There seems to be less of a downward bias in these estimates than the previous estimates. Adding more Explanatory Variables led to this result, and as before we see an effect of the indicator smoking on birthweight decreasing as we move along the quantiles. The assumptions about the unconditional distribution have not changed, we still can not infer anything. OLS results can be interpreted as an avg effect across all the observations, and the change in coefficient from the previous section was 35 grams lower. We can see that the effects of the binary tobacco indicator can vary across infant birth weights.

3.c)

T <- anova(AI_Model,AII_Model,AIII_Model,AIV_Model, AV_Model, joint = F)

In this section the anova test is showing us that the estimated coefficients at different quantiles are not equal for the binary tobacco indicator, by comparing the five models. This tells us that there is a different effect of whether or not mothers smoked during pregnancy on infant birth weights across different estimated quantile weights.

3.d)

Quantile_1 <- AI_Model$coefficients[29]
Quantile_2.5 <- AII_Model$coefficients[29]
Quantile_5 <- AIII_Model$coefficients[29]
Quantile_7.5 <- AIV_Model$coefficients[29]
Quantile_9.0 <- AV_Model$coefficients[29]
IIAA_Model <- lm(dbirwt~.,data = PS3DATA)


#Distribution of No Prenatal Care 
data.frame(IIAA_Model$coefficients[29],Quantile_1, Quantile_2.5, Quantile_5, Quantile_7.5, Quantile_9.0)
##         IIAA_Model.coefficients.29. Quantile_1 Quantile_2.5 Quantile_5
## tripre0                   -119.5509  -503.1754    -127.6602  -50.77035
##         Quantile_7.5 Quantile_9.0
## tripre0    -38.12517    -24.95823

As we can see from our test, the effect of prenatal care during pregnancy is not the same across all the conditional birth weight dist. quantiles. The lack of prenatal care has a significantly larger effect on infant birth weight throughout the distribution, and the most significant for births at the lower tail of dist. It is actually quite interesting to see how large the discrepancy between the quantiles.

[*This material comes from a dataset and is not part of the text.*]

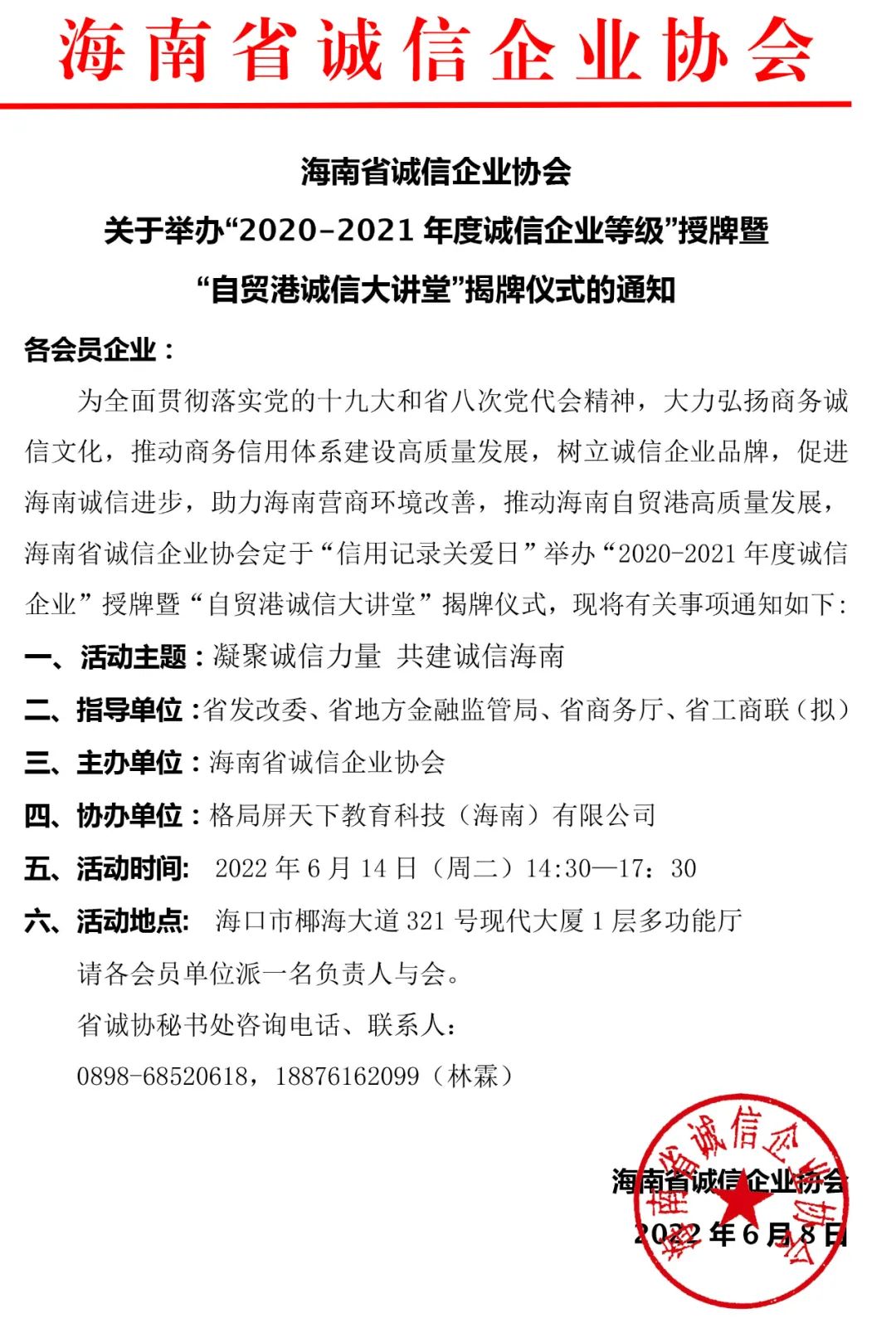 主管單位 : 海南省營商環(huán)境建設(shè)廳 承辦單位 :海南省誠信企業(yè)協(xié)會(huì)

Our OLS estimate = -119 after controlling for all the covariates.

Problem 4

The Paper by Angrist and Krueger(2001) really goes into detail about the efficacy and proper implementation of instrumental variabls. They offer alot of insight as to when they are useful as opposed to alternative methods, when they can best be employed, and what disadvantages they also bring about. They explain why creating an instrumental variable is so difficult, and how they can lend insight into characteristics we would have otherwise not observed. I actualy quite enjoyed the question on this problem set in which we created our own instrumental variable because it really leaves so much room for creativity and for criticism, so I was interested to see how they respond technically to weak instrumental variables and how to discern the robustness of your instrumental variable. The obvious condidtion concerning IV’s are that they must have a very high correlation with the endogenous variable, while not being correlated with the outcome such as babys birth weight in our examples. I really appreciated the table they presented to help understand different applications of instrumetnal variables, it makes it easier to place it in context. I am actually quite intrigued by the many differnt possible uses of Instrumental variables, I would love to think of applications in capital markets. Possible future thesis? :)

Problem 5

The paper by Koenker and Hallock(2001) hosts a great discussion about the efficacy of Quantile regressions and its advantages when used in the place of Ordinary Least Squares Regression estimation. Econometricians might find Quantile Regressions very useful when trying to use data with outliers that may skew results. One thing I have heard time and time again from being in your class is that the median, similar to quantiles, is a more robust measurement than a mean, in the precense of outliers. I gained alot of knowledge regarding the purpose of quantile regressions and seeing why econometricians might prefer it to OLS in situations where they want to estimate effects of covariates over a range of outcomes. It can be very useful to understand different effects of covariates over a range of outcomes as we have seen in the previous questions with the quantile regression over the smoking during pregnancy indicator over a range of different infant birth weights and how the effects change.